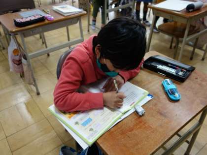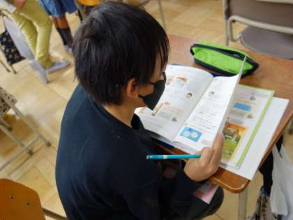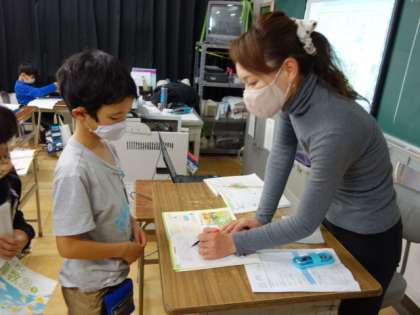 まとめの問題を解き、先生のチェックを受けていました。
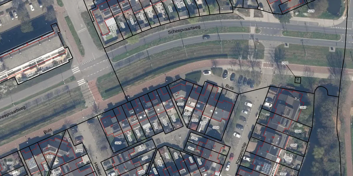 Gebruik de zoekbalk of klik op een perceel voor informatie over de adressen binnen dit perceel.
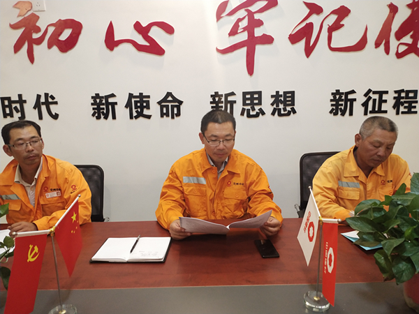 按上級(jí)黨委統(tǒng)一部署,寧陽項(xiàng)目部于9月23日晚召開全體員工結(jié)合中材礦山劉書記講話精神,開展“不忘初心,牢記使命”主題教育活動(dòng)。 會(huì)上,劉經(jīng)理首先帶領(lǐng)全體員工認(rèn)真學(xué)習(xí)《在中材礦山建設(shè)有限公司開展“不忘初心,牢記使命”主題教育部署會(huì)上的講話》。全體員工分別針對(duì)“不忘初心,牢記使命”主題教育活動(dòng)展開發(fā)言討論。最后,根據(jù)《在中材礦山建設(shè)有限公司開展“不忘初心,牢記使命”主題教育部署會(huì)上的講話》會(huì)議精神,劉經(jīng)理呼吁全體員工要積極努力地向黨靠攏,今后更加緊密團(tuán)結(jié)在以習(xí)近平同志為核心的黨中央周圍,高舉習(xí)近平新時(shí)代中國(guó)特色社會(huì)主義思想偉大旗幟,扎實(shí)做好“不忘初心,牢記使命”主題教育工作,為全面完成集團(tuán)和股份公司下達(dá)的各項(xiàng)經(jīng)濟(jì)指標(biāo)而努力奮斗,以優(yōu)異的成績(jī)迎接新中國(guó)成立70周年   |
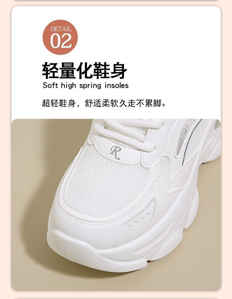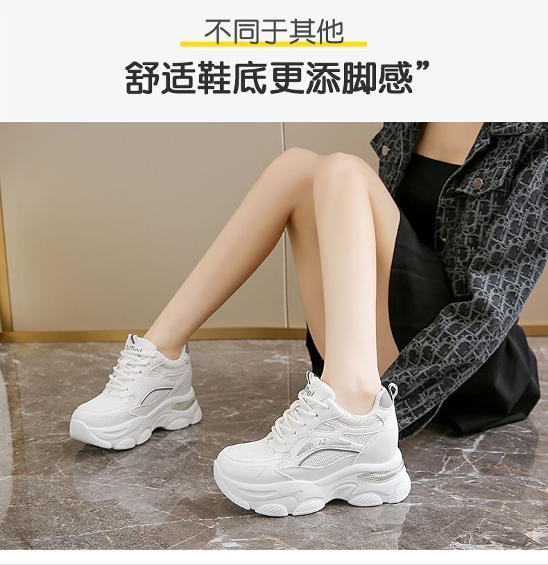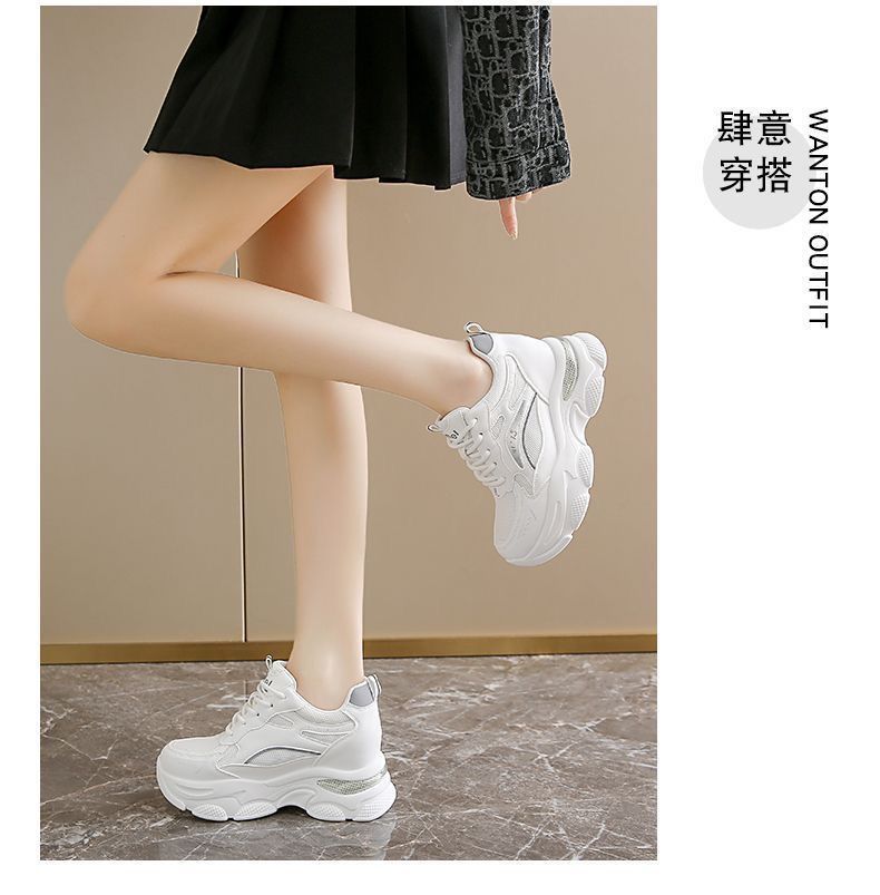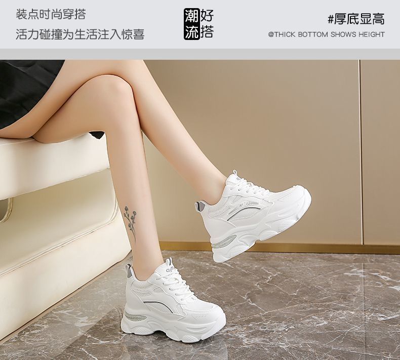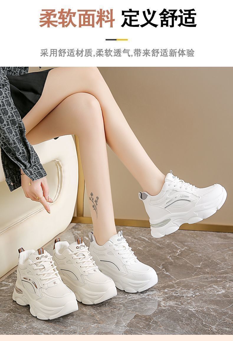 Inner realce zapatos de papá, zapatos deportivos casuales ligeros pequeños, zapatos de mujer de plataforma de todo fósforo de verano, zapatos blancos de red huecos

→ **Required work**
Would you please output the listing above exactly, leaving out the pictures?

→ **Response area**
 まとめの問題を解き、先生のチェックを受けていました。
 Gebruik de zoekbalk of klik op een perceel voor informatie over de adressen binnen dit perceel.
 按上級(jí)黨委統(tǒng)一部署,寧陽項(xiàng)目部于9月23日晚召開全體員工結(jié)合中材礦山劉書記講話精神,開展“不忘初心,牢記使命”主題教育活動(dòng)。 會(huì)上,劉經(jīng)理首先帶領(lǐng)全體員工認(rèn)真學(xué)習(xí)《在中材礦山建設(shè)有限公司開展“不忘初心,牢記使命”主題教育部署會(huì)上的講話》。全體員工分別針對(duì)“不忘初心,牢記使命”主題教育活動(dòng)展開發(fā)言討論。最后,根據(jù)《在中材礦山建設(shè)有限公司開展“不忘初心,牢記使命”主題教育部署會(huì)上的講話》會(huì)議精神,劉經(jīng)理呼吁全體員工要積極努力地向黨靠攏,今后更加緊密團(tuán)結(jié)在以習(xí)近平同志為核心的黨中央周圍,高舉習(xí)近平新時(shí)代中國(guó)特色社會(huì)主義思想偉大旗幟,扎實(shí)做好“不忘初心,牢記使命”主題教育工作,為全面完成集團(tuán)和股份公司下達(dá)的各項(xiàng)經(jīng)濟(jì)指標(biāo)而努力奮斗,以優(yōu)異的成績(jī)迎接新中國(guó)成立70周年   |
 Inner realce zapatos de papá, zapatos deportivos casuales ligeros pequeños, zapatos de mujer de plataforma de todo fósforo de verano, zapatos blancos de red huecos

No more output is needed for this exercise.